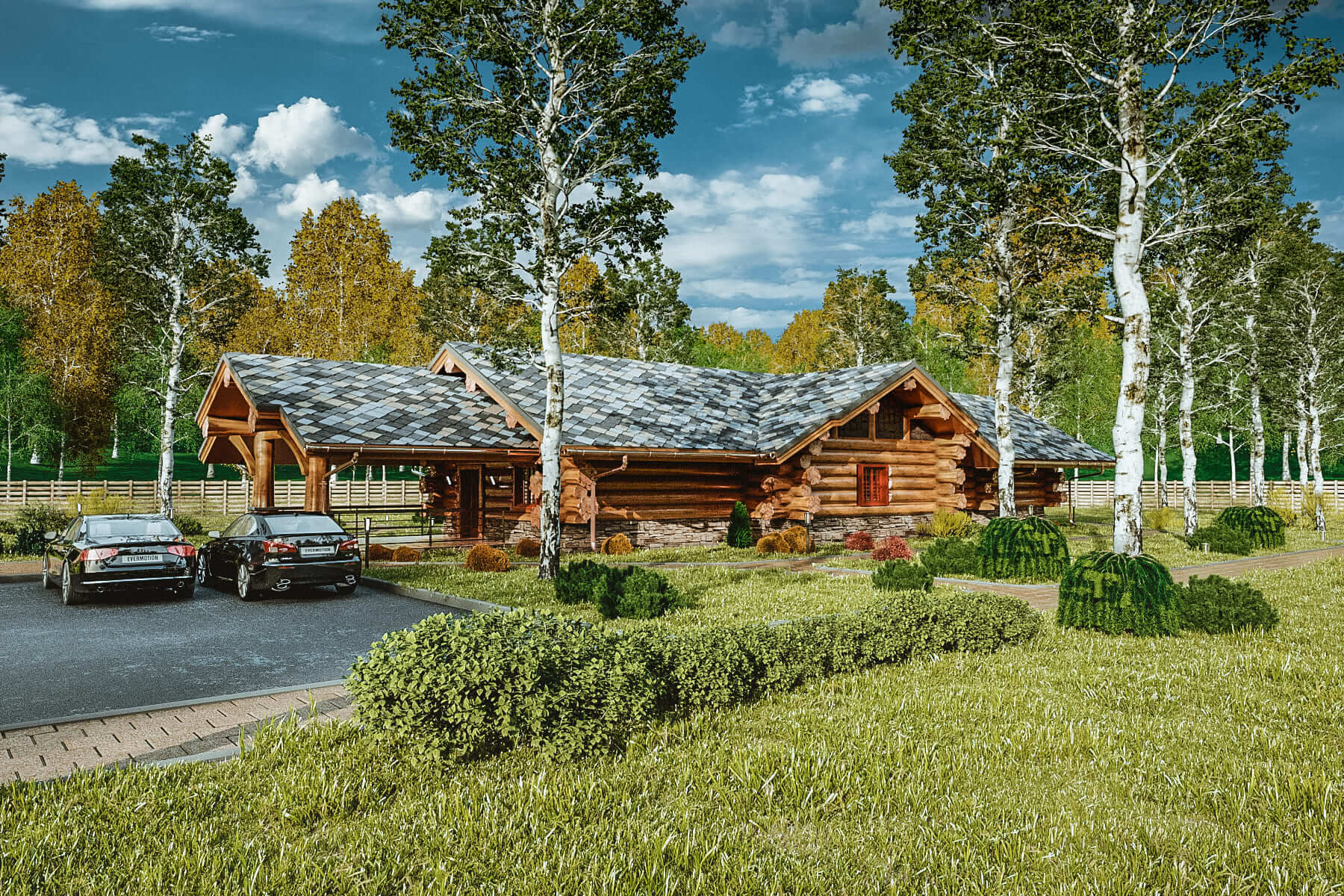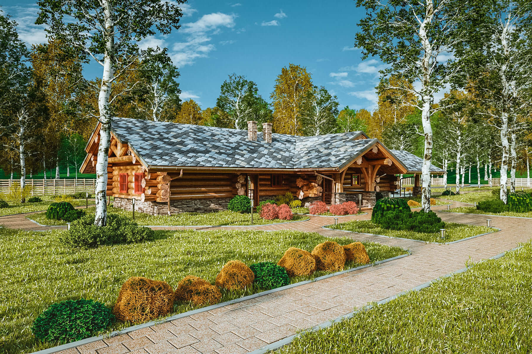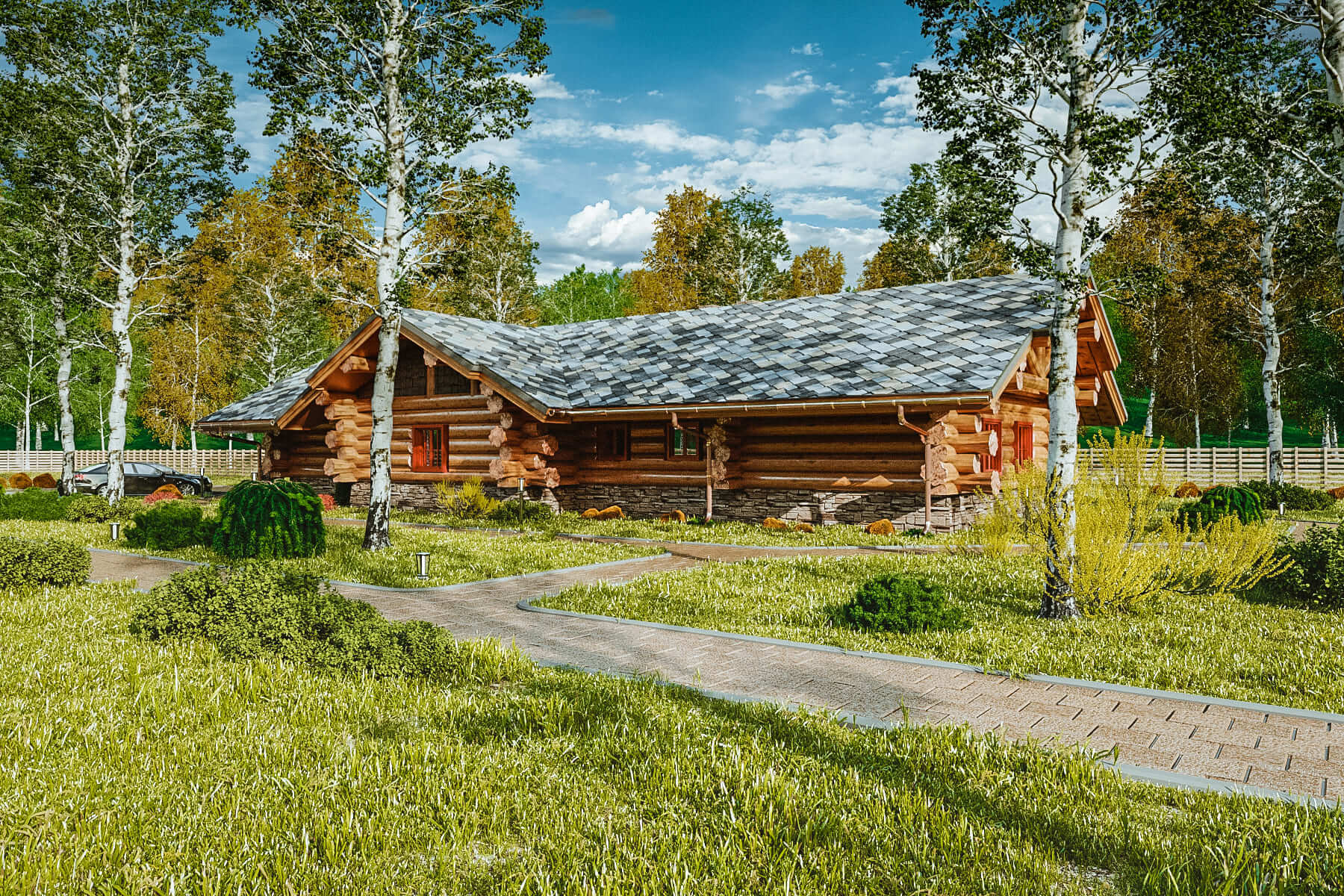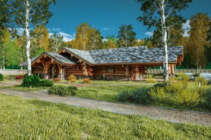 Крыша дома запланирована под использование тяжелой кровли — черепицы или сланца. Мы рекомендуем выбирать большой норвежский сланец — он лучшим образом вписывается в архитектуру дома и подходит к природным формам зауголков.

┄┄┄┄┄┄

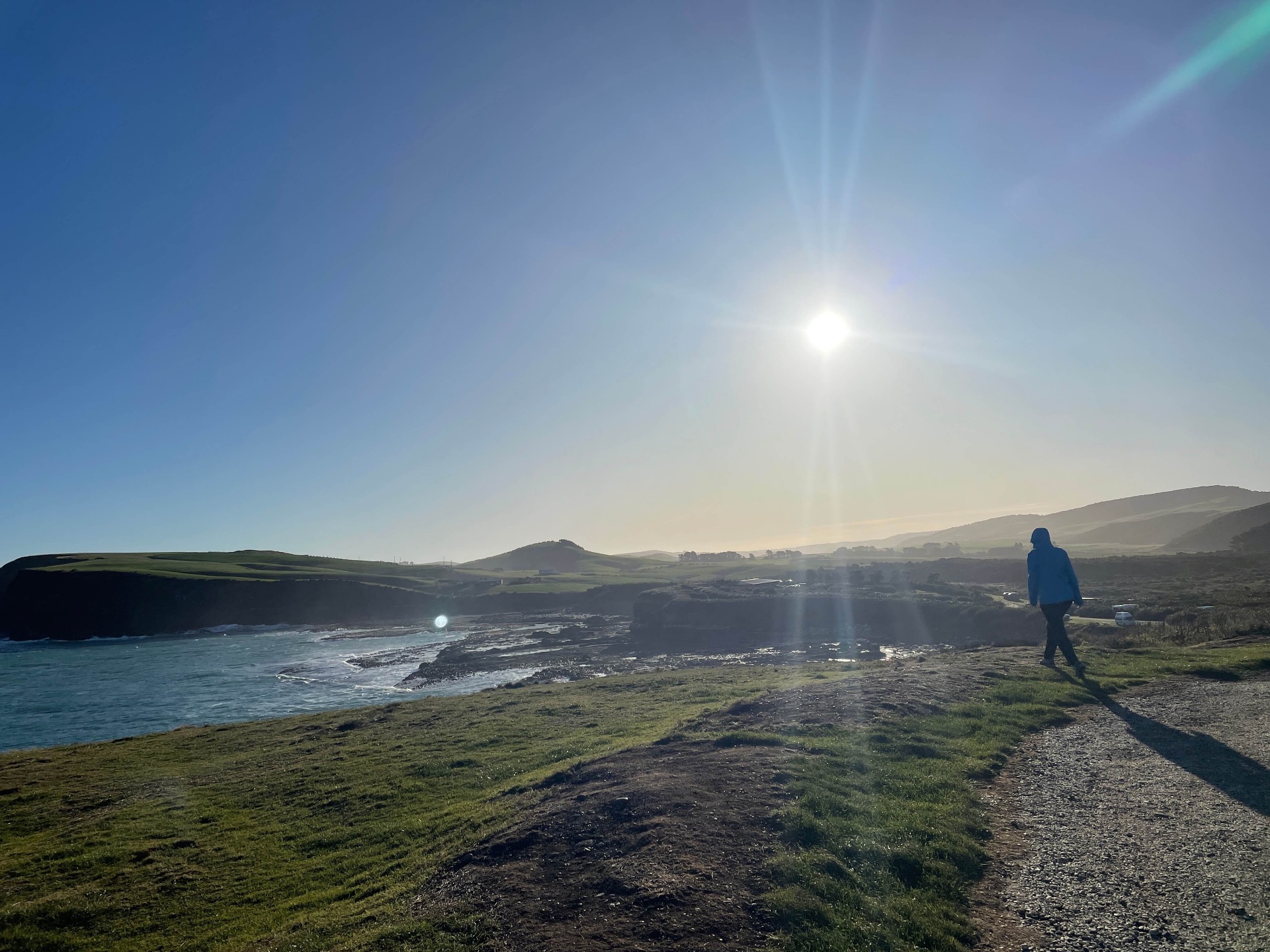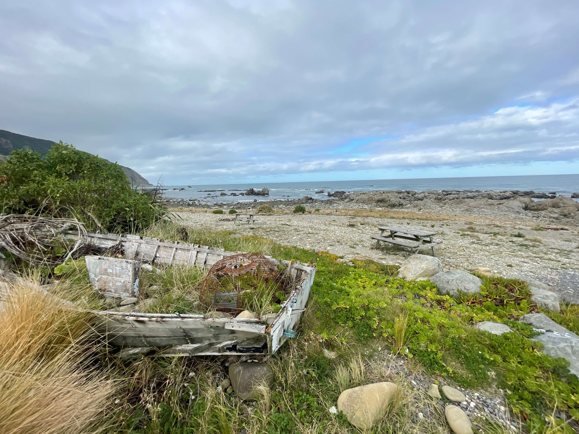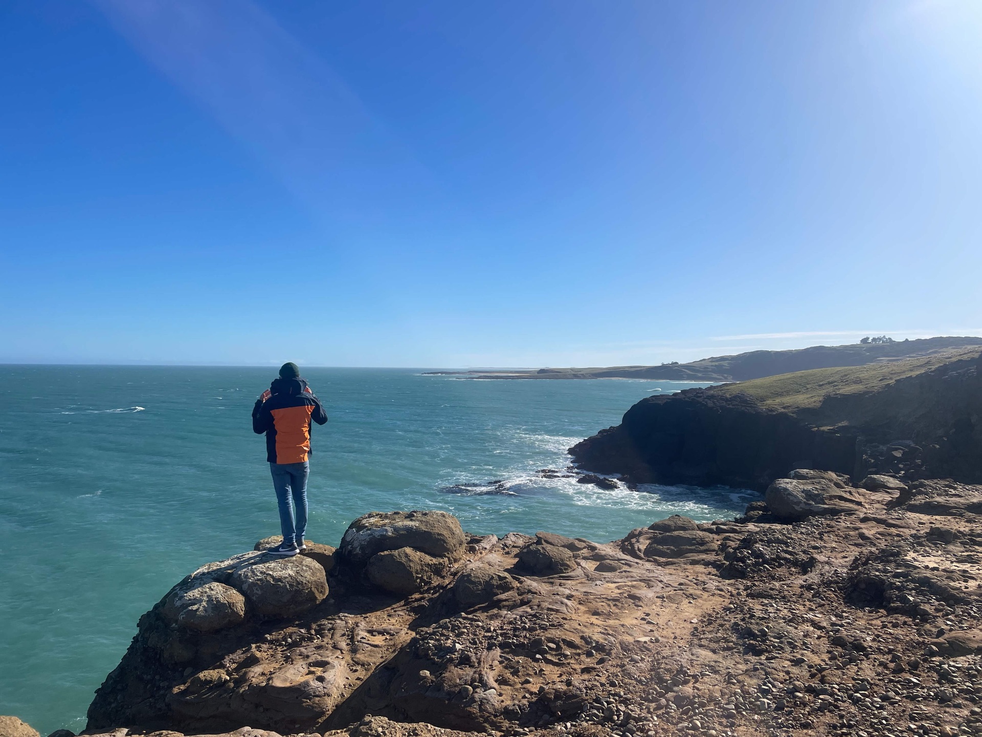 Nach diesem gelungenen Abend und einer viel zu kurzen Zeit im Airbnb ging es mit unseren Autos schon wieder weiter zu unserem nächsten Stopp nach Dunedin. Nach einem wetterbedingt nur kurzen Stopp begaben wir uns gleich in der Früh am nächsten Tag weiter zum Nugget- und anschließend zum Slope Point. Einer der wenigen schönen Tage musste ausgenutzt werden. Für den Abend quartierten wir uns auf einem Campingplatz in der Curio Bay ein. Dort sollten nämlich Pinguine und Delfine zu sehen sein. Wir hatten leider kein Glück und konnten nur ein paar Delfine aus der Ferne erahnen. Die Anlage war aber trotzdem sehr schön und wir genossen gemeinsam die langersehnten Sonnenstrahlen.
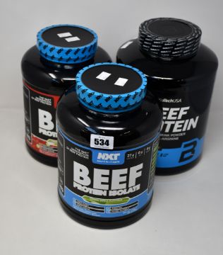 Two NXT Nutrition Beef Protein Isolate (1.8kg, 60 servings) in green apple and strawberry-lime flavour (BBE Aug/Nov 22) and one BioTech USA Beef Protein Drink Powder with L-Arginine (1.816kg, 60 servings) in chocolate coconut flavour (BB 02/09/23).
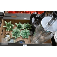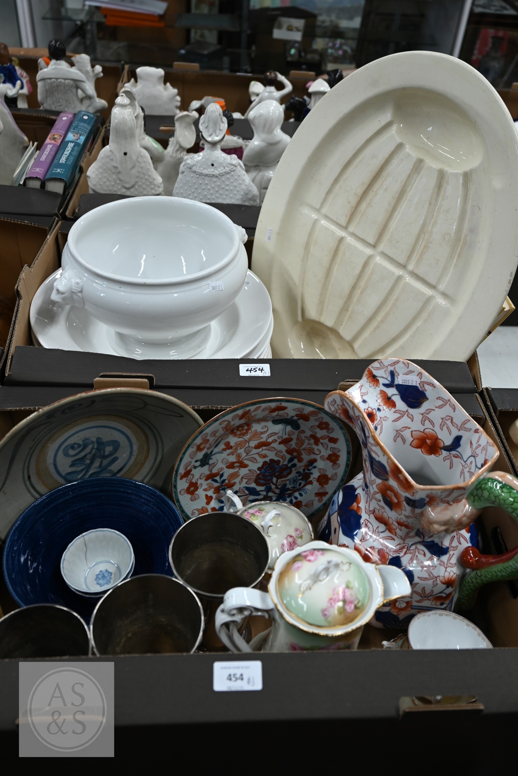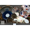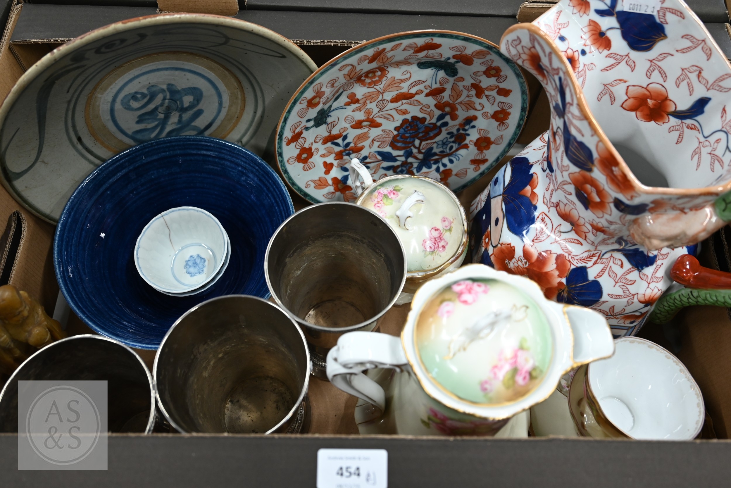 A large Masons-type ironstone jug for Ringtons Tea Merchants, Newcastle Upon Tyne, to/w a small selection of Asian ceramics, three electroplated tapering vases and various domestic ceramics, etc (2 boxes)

┄┄┄┄┄┄

**EXERCISE PROMPT:** Using the data above, print only the lines starting at the one with "Nach diesem gelungenen" and ending at the one with "Two NXT Nutrition", exactly as they stand, minus the pictures.

**RESPONSE BELOW:**
 Nach diesem gelungenen Abend und einer viel zu kurzen Zeit im Airbnb ging es mit unseren Autos schon wieder weiter zu unserem nächsten Stopp nach Dunedin. Nach einem wetterbedingt nur kurzen Stopp begaben wir uns gleich in der Früh am nächsten Tag weiter zum Nugget- und anschließend zum Slope Point. Einer der wenigen schönen Tage musste ausgenutzt werden. Für den Abend quartierten wir uns auf einem Campingplatz in der Curio Bay ein. Dort sollten nämlich Pinguine und Delfine zu sehen sein. Wir hatten leider kein Glück und konnten nur ein paar Delfine aus der Ferne erahnen. Die Anlage war aber trotzdem sehr schön und wir genossen gemeinsam die langersehnten Sonnenstrahlen.
 Two NXT Nutrition Beef Protein Isolate (1.8kg, 60 servings) in green apple and strawberry-lime flavour (BBE Aug/Nov 22) and one BioTech USA Beef Protein Drink Powder with L-Arginine (1.816kg, 60 servings) in chocolate coconut flavour (BB 02/09/23).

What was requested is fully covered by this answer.